## WHAT THE EXERCISE ASKS
Take the line that contains "展會(huì)期間,勵(lì" and each one after it through the last line below, and retype them exactly. Leave out the pictures.

## PROVIDED ENTRIES
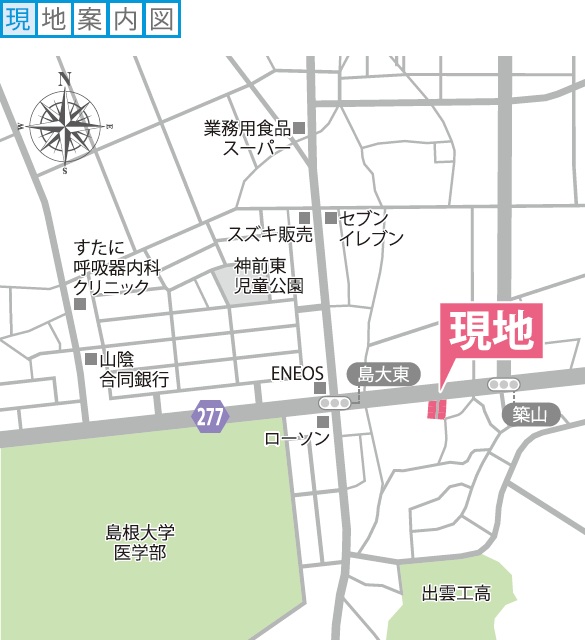 - 一畑バス「築山新町」バス停より徒歩4分(約260~280m)
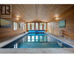 Welcome to your private retreat on nearly 2 acres, on a cul de-sac backing onto the serene Black Creek. This beautifully maintained 3+1 bedroom, 3-bath ranch bungalow offers space, comfort, and an exceptional lifestyle you won't find anywhere else. Step inside to a bright, inviting eat-in kitchen and a spacious living room filled with natural light. The primary bedroom features a convenient cheater ensuite, and the layout is perfect for both everyday living and hosting family gatherings. The fully finished basement greatly expands your living space. Complete with a large bedroom with double closet, cozy family room, media room, butler's pantry, a second 4-piece bathroom, and laundry. Ideal for guests, teens, hobbies, or even muliti generational living. This home truly shines when it comes to entertaining and enjoyment. Swim year-round in the heated indoor pool, relax on the back deck or concrete patio, and take in the peaceful, fully private backyard surrounded by nature. Car lovers, hobbyists, or small-business owners will appreciate the attached 2-car garage with a handy 2-piece bath, plus a double-car Quonset garage and 2 additional storage sheds, endless room for tools, toys, projects, and equipment. Located in a warm, family-friendly neighbourhood with an invisible dog fence already installed for your pets. This is the lifestyle upgrade you've been waiting for. Come experience the privacy, space, and comfort this unique property has to offer. Contact your Realtor today to book your private showing. (id:47351)
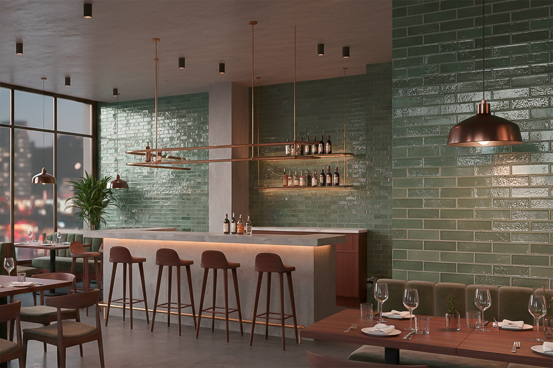 Order a sample board of Forest Green Glossy Velour thin brick to experience its true texture, color, and craftsmanship firsthand.
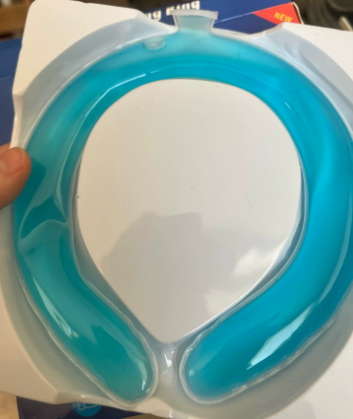 Basta colocá-lo no frigorífico durante 10 a 15 minutos e depois usá-lo ao redor do pescoço. Funciona sem eletricidade nem gel químico.
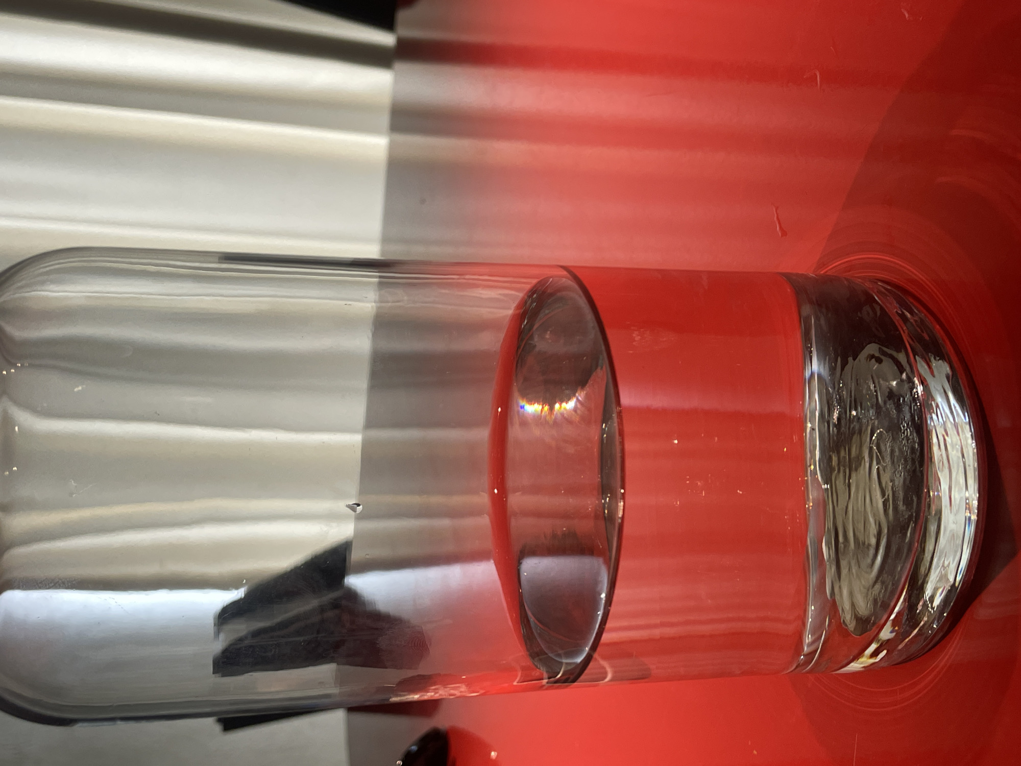 A clear glass, approximately half full with water, is horizontally oriented on a bright red surface
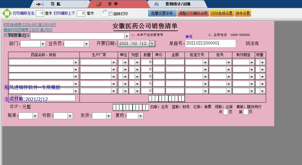 药品销售清单送货单打印软件免费版
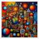 A.I. created meaningless geometrical celestial abstract composition of planets, stars, lines, shapes and colors in an arrangement which pleased the senses of the artist.
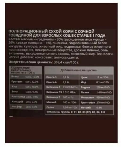 Сухой полнорационный корм Мираторг WINNER MEAT 3х300гр для взрослых кошек старше 1 года всех пород с сочной говядиной интересное:
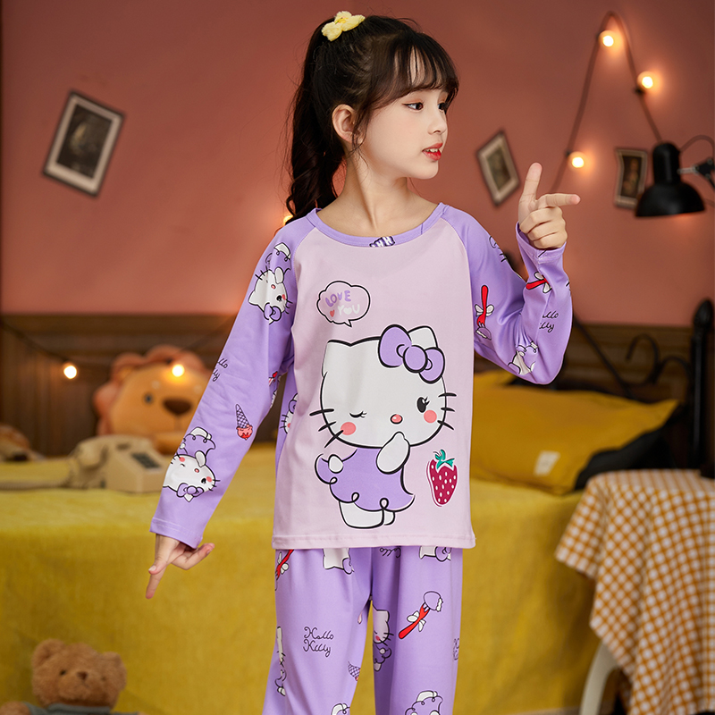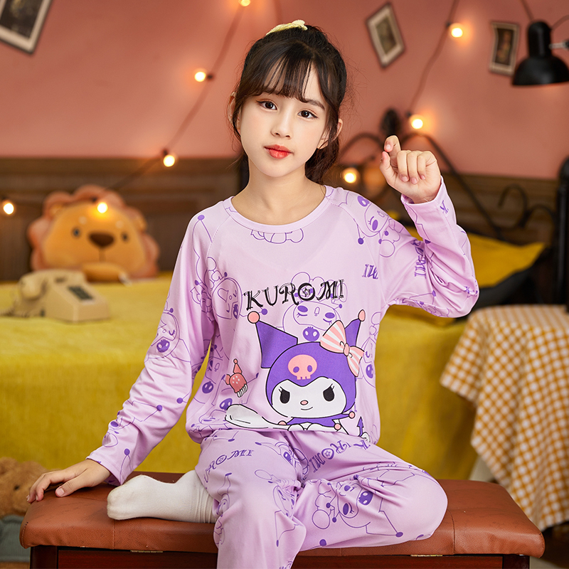 新款女童睡衣春秋季儿童女孩纯棉长袖中大童卡通库洛米家居服套装
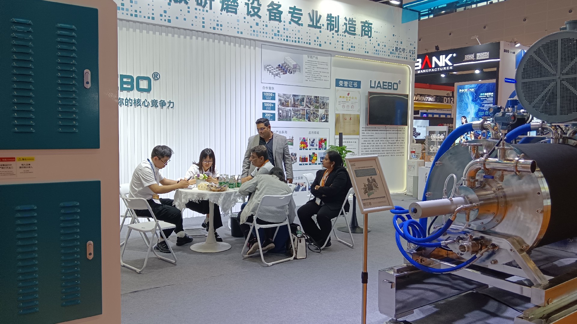 展會(huì)期間,勵(lì)岸寶科技在4號(hào)館A15展位展示了砂磨機(jī)在紡織染料、功能性顏料等領(lǐng)域的實(shí)際應(yīng)用案例,并通過現(xiàn)場(chǎng)演示與技術(shù)講解,向客戶傳遞“高效、環(huán)保、智能”的產(chǎn)品理念。公司團(tuán)隊(duì)與參會(huì)嘉賓深入探討行業(yè)趨勢(shì),共謀合作新機(jī)遇。
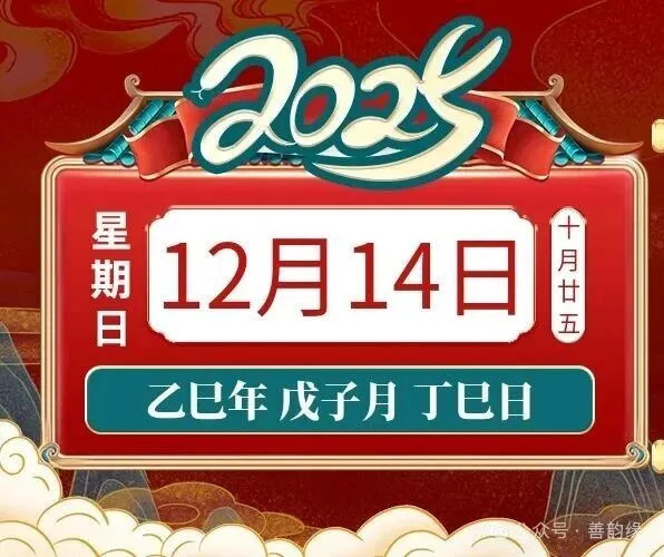 2025年12月14日,星期日,农历十月廿五 (乙巳年戊子月丁巳日),法定节假日。
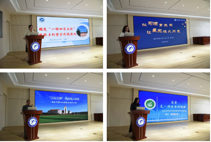 观摩结束后,与会人员移步报告厅,进入典型经验交流环节。烟台大学附属小学、实验小学、万光小学、第九小学、冶头小学、鲁东大学莱山实验中学观海校区、院格庄初级中学七所学校作了典型发言,从不同维度分享了养成教育方面的探索与实践,为全区中小学养成教育工作的深入开展提供了有益借鉴和示范引领。
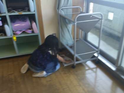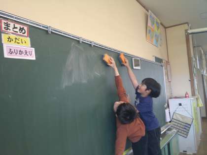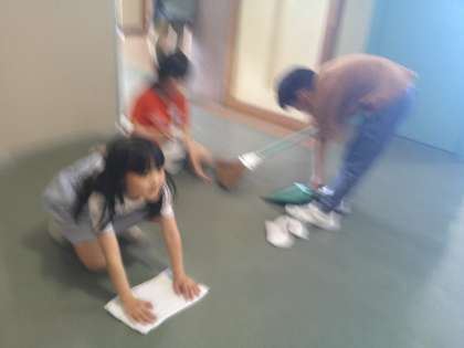 それぞれ自分の担当場所の掃除にしっかり取り組んでいます。教室のすみまで丁寧に拭いたり、広いワークはダイナミックに雑巾がけをしたりと、限られた時間のなかで頑張っています。
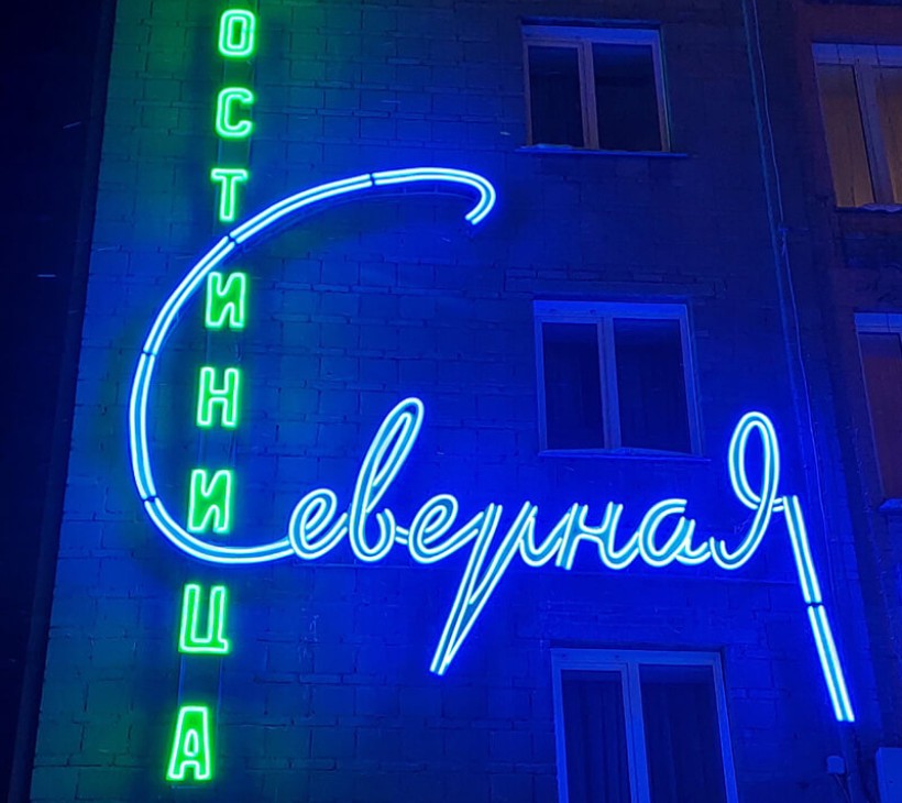 Речь идёт о вывеске 1961 года (!) — "Северное сияние", расположенной на фасаде гостиницы "Северная". За 60 лет она неоднократно модернизировалась, последний раз — в 2005 году. Но к 2024 году постоянные поломки (высота 10–20 метров, погасшие буквы, сосульки) сделали эксплуатацию невозможной.
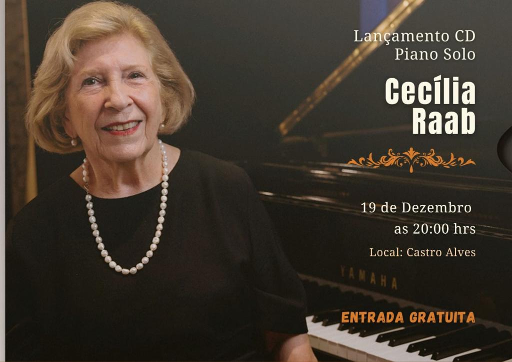 Lançamento do CD “Piano Solo”, da pianista araçatubense Cecília Raab, reconhecida por sua forte atuação na formação de músicos e na valorização da cultura musical da cidade.
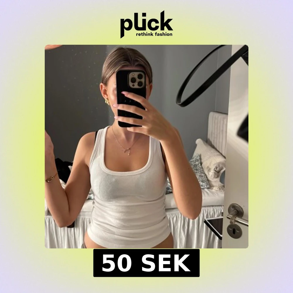 Säljer en klassisk vit ribbad linnetopp med breda axelband och rundad urringning. Perfekt att styla till jeans eller kjol för en enkel och fräsch look. Materialet är mjukt och stretchigt för en bekväm passform.
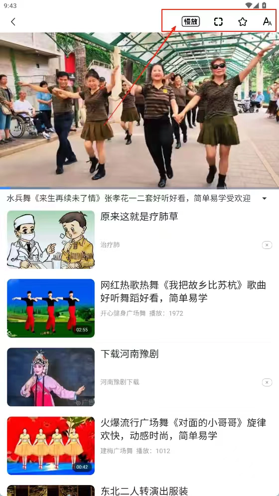 在播放界面使用慢放之类的功能时,也可以观看其他推荐的舞蹈视频。
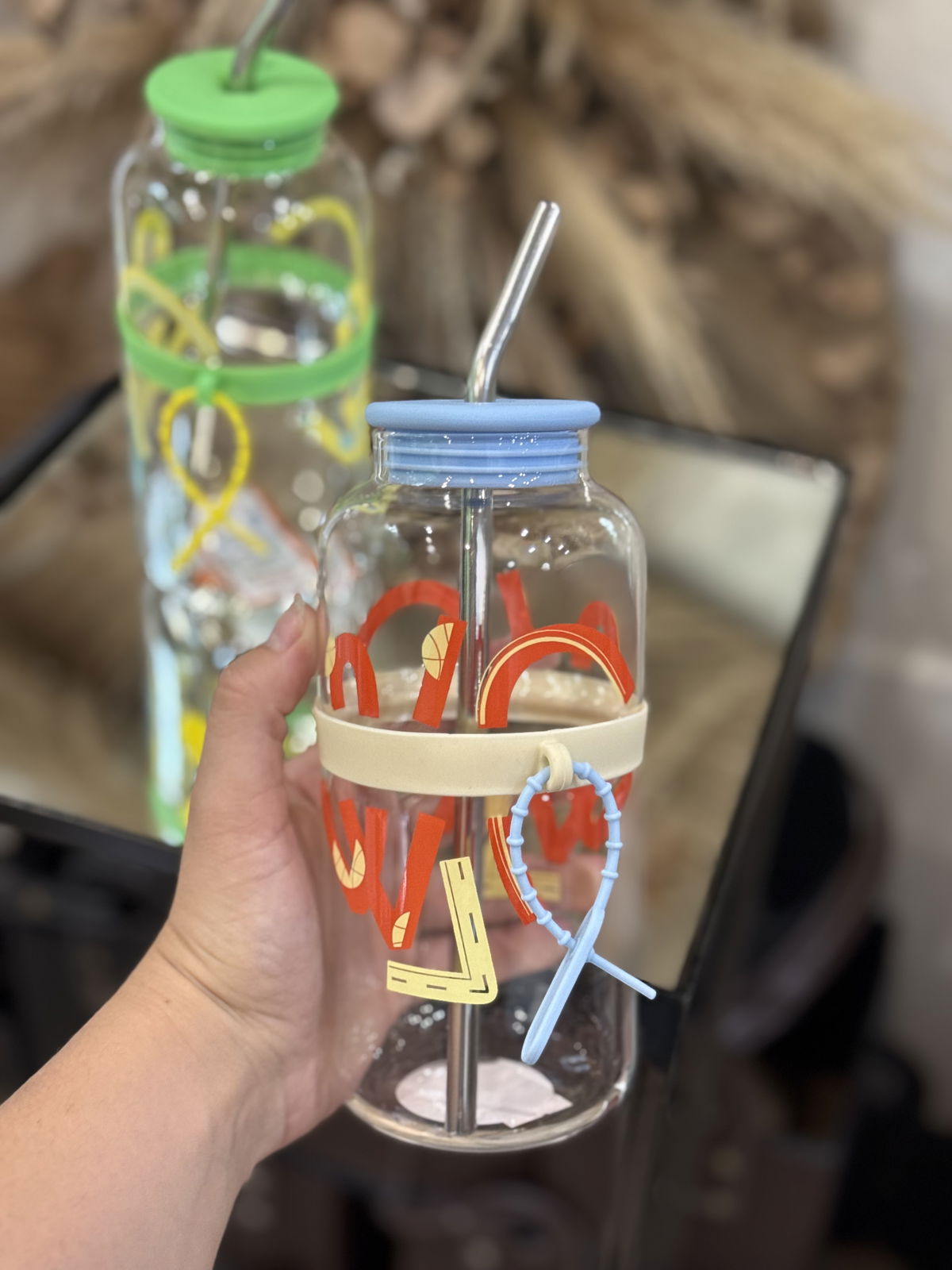 Botella de vidrio con sorbete

## ANSWER SPACE
 展會(huì)期間,勵(lì)岸寶科技在4號(hào)館A15展位展示了砂磨機(jī)在紡織染料、功能性顏料等領(lǐng)域的實(shí)際應(yīng)用案例,并通過現(xiàn)場(chǎng)演示與技術(shù)講解,向客戶傳遞“高效、環(huán)保、智能”的產(chǎn)品理念。公司團(tuán)隊(duì)與參會(huì)嘉賓深入探討行業(yè)趨勢(shì),共謀合作新機(jī)遇。
 2025年12月14日,星期日,农历十月廿五 (乙巳年戊子月丁巳日),法定节假日。
 观摩结束后,与会人员移步报告厅,进入典型经验交流环节。烟台大学附属小学、实验小学、万光小学、第九小学、冶头小学、鲁东大学莱山实验中学观海校区、院格庄初级中学七所学校作了典型发言,从不同维度分享了养成教育方面的探索与实践,为全区中小学养成教育工作的深入开展提供了有益借鉴和示范引领。
 それぞれ自分の担当場所の掃除にしっかり取り組んでいます。教室のすみまで丁寧に拭いたり、広いワークはダイナミックに雑巾がけをしたりと、限られた時間のなかで頑張っています。
 Речь идёт о вывеске 1961 года (!) — "Северное сияние", расположенной на фасаде гостиницы "Северная". За 60 лет она неоднократно модернизировалась, последний раз — в 2005 году. Но к 2024 году постоянные поломки (высота 10–20 метров, погасшие буквы, сосульки) сделали эксплуатацию невозможной.
 Lançamento do CD “Piano Solo”, da pianista araçatubense Cecília Raab, reconhecida por sua forte atuação na formação de músicos e na valorização da cultura musical da cidade.
 Säljer en klassisk vit ribbad linnetopp med breda axelband och rundad urringning. Perfekt att styla till jeans eller kjol för en enkel och fräsch look. Materialet är mjukt och stretchigt för en bekväm passform.
 在播放界面使用慢放之类的功能时,也可以观看其他推荐的舞蹈视频。
 Botella de vidrio con sorbete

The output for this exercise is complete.